Thoughts on detachment

One of the hardest things to do is to be consistent. It's also one of the most important, so people either struggle and show the wears of the fight or avoid the struggle and allow ebbs and flow to dictate the terms of whatever their situation is. In order to stay consistent, there must be a degree of separation as well as stability in the mind of the person striving for that level.

Passion is good, but it cannot become the fire that burns down the house. Emotions can lift, or it can weigh. Being able to see yourself almost from a third person is a good way to keep yourself from braving the full strength of emotional blasts, both positive and negative. Too much emotion can lead to paralysis, and hinder mobilization of action.

Being able to objectively view situations and emotion is very critical for mental stability, especially through a stressful time period. It is something that takes practice, and a daily reminder to do this is needed.

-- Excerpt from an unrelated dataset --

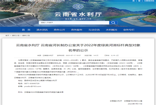 《2022年度綠美河湖標(biāo)桿典型對象名單的公示》
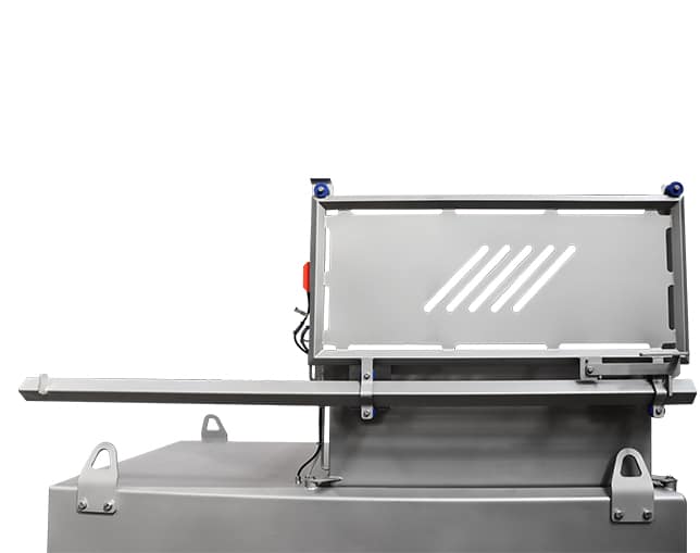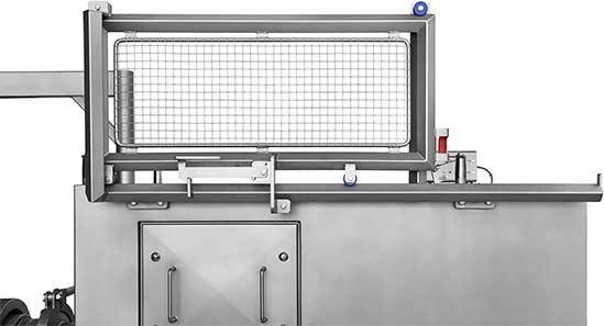 Side view of the scansteel foodtech® MG 250 with Hygienic zone shown in running (closed position).

Also critical to consistency is a continued awareness of the big picture. What are the purposes of your actions you want to be consistent in? Where do you hope to go with being able to keep your nose to the grindstone with these actions for a long stretch of time? Do you want it enough to not become knocked off course by changes in circumstances and mentalities?

Monday, February 21, 2011

Switching up the objectives...

I'm going to be reviving this blog, hopefully for good this time. Since the blog's name is improving-daily, I figure it is a way to track my progress in different important areas of my life. In the future I hope to look back and track my changes in thought, habits, and ethos, for the better. At the moment I am not sure how to attack my shortcomings, but I know that I need to seize moments and time while I can still say I have plenty of it.

For a couple of months now I have been looking more into mental training as a part of martial arts curriculums. Clearly one of my biggest weaknesses as a person, is control, and as an extension of that, vision. Or maybe it is the other way around? I often lack clarity in what I am trying to accomplish, and in turn I do not control myself in moving myself towards tasks and goals. This has been a big problem in the past as I would often sit with no movement towards an objective, letting time and respect slip away. When I was a kid this was a huge problem in being consistent with my goals, coupled with the fact that I was a restless little boy. I will end this entry for now since this window has been up for far too long, but I will keep this blog consistent with updates.